Oliver tucked his wife close to his side as the crowd murmured in low, hushed tones. “Since Lady Strompton has already caused some undue speculation, I’d like to announce my great joy. I’m proud to welcome the forthcoming Chadwick heir, or the daughter I shall dote on like no other.” The rumbling murmurs turned into a surprised gasp of collective delight. The people at the tables burst into rounds of congratulations.
It took a moment for it all to sink in. Lucinda was increasing with child! That was why she was looking so ill. She must still be early on and not feeling right. It was no wonder Oliver didn’t wish to leave her to travel to Paris. She had lost one child from her first marriage, and she had to be terrified.
“Perhaps it is best for my lovely wife to remain on firm ground. So who will be the first to ride? Apprentice Margaret?” Oliver swept his hand toward the carousel, and I rose. My mind was full with thoughts about the coming
baby, but I couldn’t miss an opportunity to ride the beautiful machine before me.
I was first to reach the carousel, but others had followed. I climbed atop a beautiful shimmering griffin and sat sidesaddle on the dark blue velvet pad that insulated me from the cold chill of the ice. I admired the artistry in the lion’s claws, and the chiseled feathers of the creature’s head.
Albrecht waved to me from the twisting coils of the dragon’s back, and I was surprised to see Oliver’s grandmother perch regally upon the Pegasus in front of him. The flying horse tossed its head high, with its translucent mane sweeping through the air as if the creature were frozen in flight. As the light shifted within the ice, the animals seemed to come alive, flexing and straining to run as the carousel began to turn. Uncle Albrecht tipped his hat to the dowager duchess, and I thought I saw her blush.
I laughed before I could help it. I held on to the silver pole with my gloved hands when the carousel began to move more quickly, and I gasped in delight as it swirled around and around to the beautiful music pouring from the machine.
I hadn’t felt so free or so joyful in such a long time.
Every other concern melted away as the wintry conservatory swirled around in a blur of frosty white.
I knew how desperately Lucinda wished for a child after the untimely loss of her first husband and the child she had carried from that marriage. I was so grateful she had been given a second chance to be a mother. She would be a wonderful one.
Already in my mind I was sorting through my inventory at the toy shop and wondering which of the delights I should give to the baby, or if anything suitable had survived at all. I could invent something new entirely. Oh, the thought had merit.
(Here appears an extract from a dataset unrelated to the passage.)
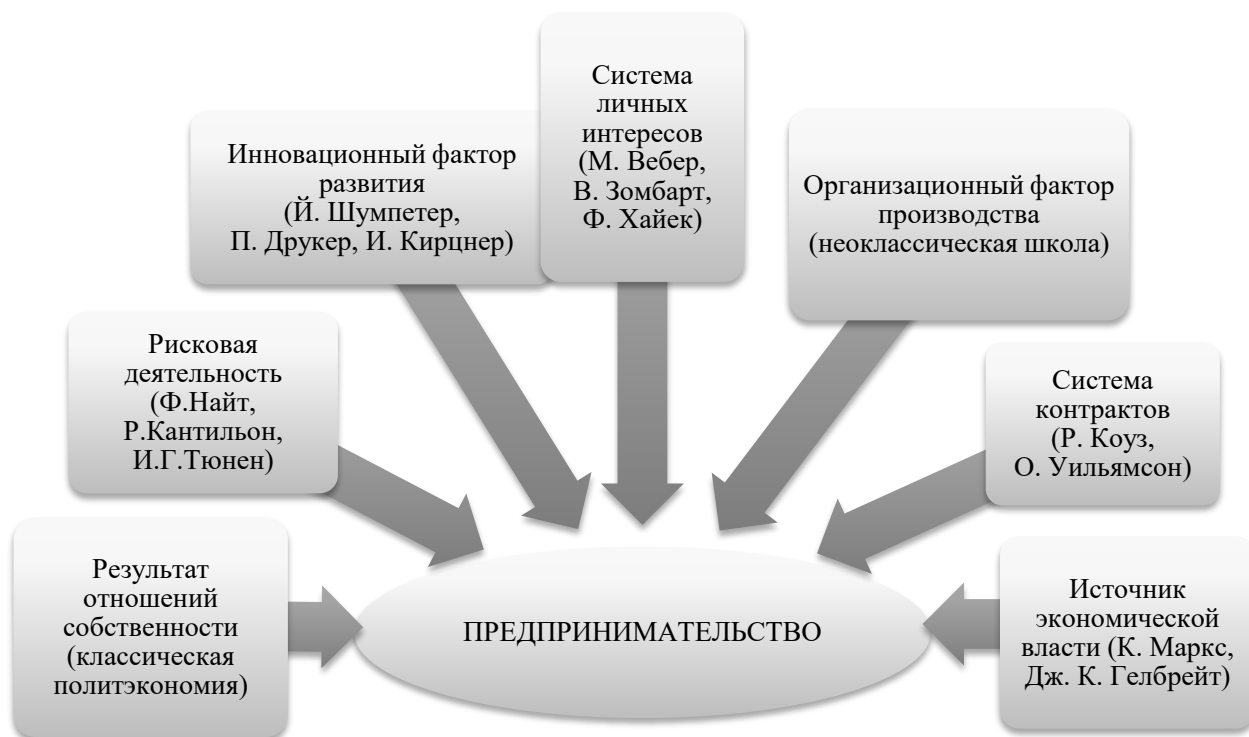
Рис. 1. Научные теории предпринимательства 1

Предпринимательство рассматривается как особый вид деятельности многими авторами. В соответствии с этим в экономической науке существует многообразие подходов и теорий к его определению. Научные теории, несмотря на свое различие, описывают различные стороны предпринимательства (например, цели, направления, желаемые результаты, сфера), чем способствуют формированию полноценного понимания сущности этого понятия. На рис. 1 представлены примеры теорий предпринимательства в научной литературе.

It would be such fun.
Dizzy and elated, I didn’t want the carousel to stop, but it slowed its wonderful spin. I stepped off the turning platform and fell into the nearest chair.
That was when I noticed David next to Oliver by the lectern.
Then the unnatural silence.
And the stares of everyone in the room had fixed on me.
Perplexed, I turned my gaze to Oliver. His mouth was set in a hard line, and his bright hazel eyes seemed to catch the light of the hot fire of the braziers within them. He looked as if he were about to cuff David over the back of the head.